Verb Edge
Verb Edge is the Edge type in a GEUL stream that represents predication and actions. It classifies 13,767 WordNet verbs into 10 Primitives and 68 Sub-primitives, then generates a 16-bit codebook via Sub-primitive-level Huffman coding.
Sub-documents
| Document | Description |
|---|
| Semantic Role | 16 Semantic Roles (4-bit encoding) |
| Qualifier | 14 qualifiers including evidentiality, mood, tense, aspect |
Verb Hierarchy
10 Primitive (top-level semantic categories)
├── BE ├── PERCEIVE ├── FEEL
├── THINK ├── CHANGE ├── CAUSE
├── MOVE ├── COMMUNICATE ├── TRANSFER
└── SOCIAL
→ 68 Sub-primitive (intermediate classification)
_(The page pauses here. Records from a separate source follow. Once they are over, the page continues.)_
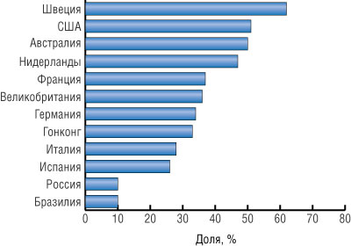 По процентному соотношению наибольшее число пользователей Интернета в Швеции, где 62% жителей регулярно обращаются в Интернет.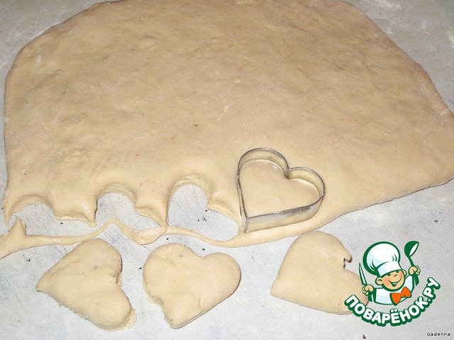 Хотела рюмкой, да края слишком круглые и толстые, тесто будет сильно придавливаться, оно очень мягкое и нежное, а формочки только в виде елочки и сердечка, ну и решила замутить дела сердечные )))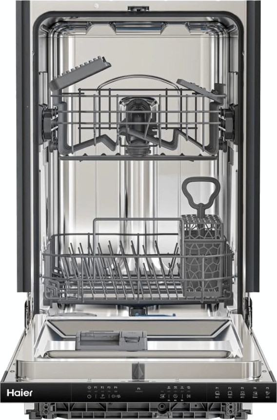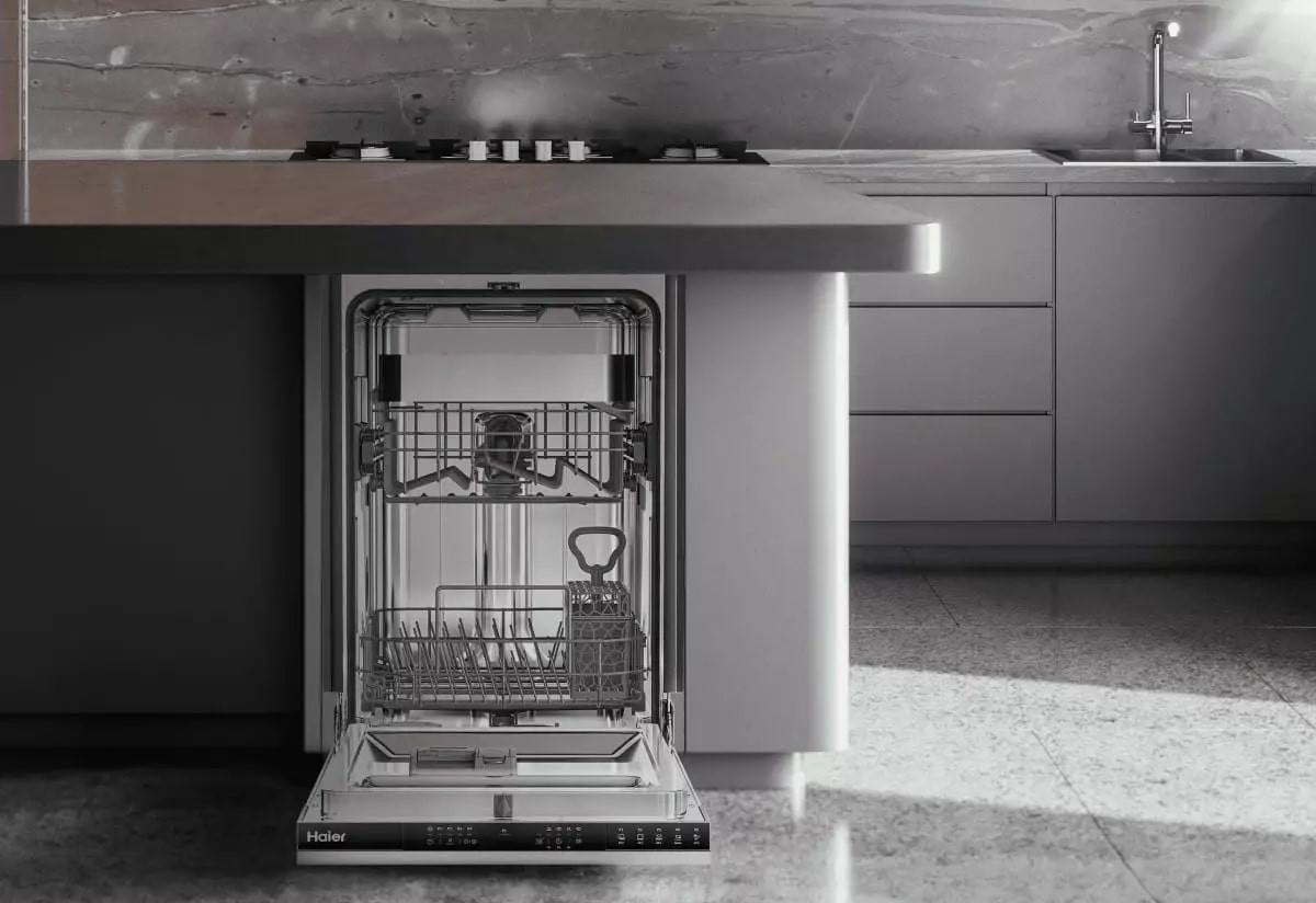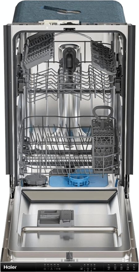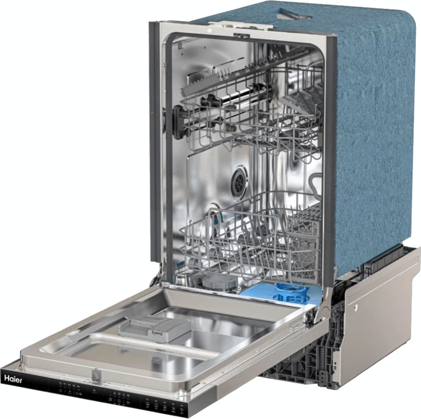 Встраиваемая модель Хайер отлично впишется в любой интерьер, главное — правильно выбрать место, чтобы подвести коммуникации. Устанавливается в нишу целиком, полностью закрывается декоративной панелью. Обратите внимание: в комплекте не идет фасад, его необходимо установить самостоятельно. Имеет уменьшенную ширину — благодаря этому поместится даже на очень маленькой кухне. В камеру можно загрузить ограниченное число комплектов: 9 шт. Комплектом считается набор посуды на одного человека, который нужен для полноценного приема пищи: глубокая и плоская тарелки, тарелка для салата, блюдце под чашку, сама чашка, ложка и вилка.

→ 559 Root Verb (root verbs)
→ 13,767 Leaf Verb (all WordNet verbs)
- Primitives (major categories) serve only as conceptual groupings with no bit allocation
- 68 Sub-primitives receive frequency-based variable-length codes
- Higher-frequency verb groups get shorter codes (4 to 8 bits)
Verb Edge Packet Types
All three packet types – Tiny, Short, and Full – share the same 16-bit verb body in their last word.
| Tiny | Short | Full |
|---|
| Words | 2 (32bit) | 3 (48bit) | 5 (80bit) |
| Participants | 16 patterns | 512 patterns | 19-bit flags |
| Qualifiers | 7 patterns | 3,640 patterns | 27 bits |
| Verb body | 16bit | 16bit | 16bit |
| Expected ratio | 90% | 7% | 3% |
Average packet size: 0.9x2 + 0.07x3 + 0.03x5 = 2.16 words
Tiny Verb Edge (2 words)
1st WORD: [Prefix 5bit] [Target×Pattern 11bit]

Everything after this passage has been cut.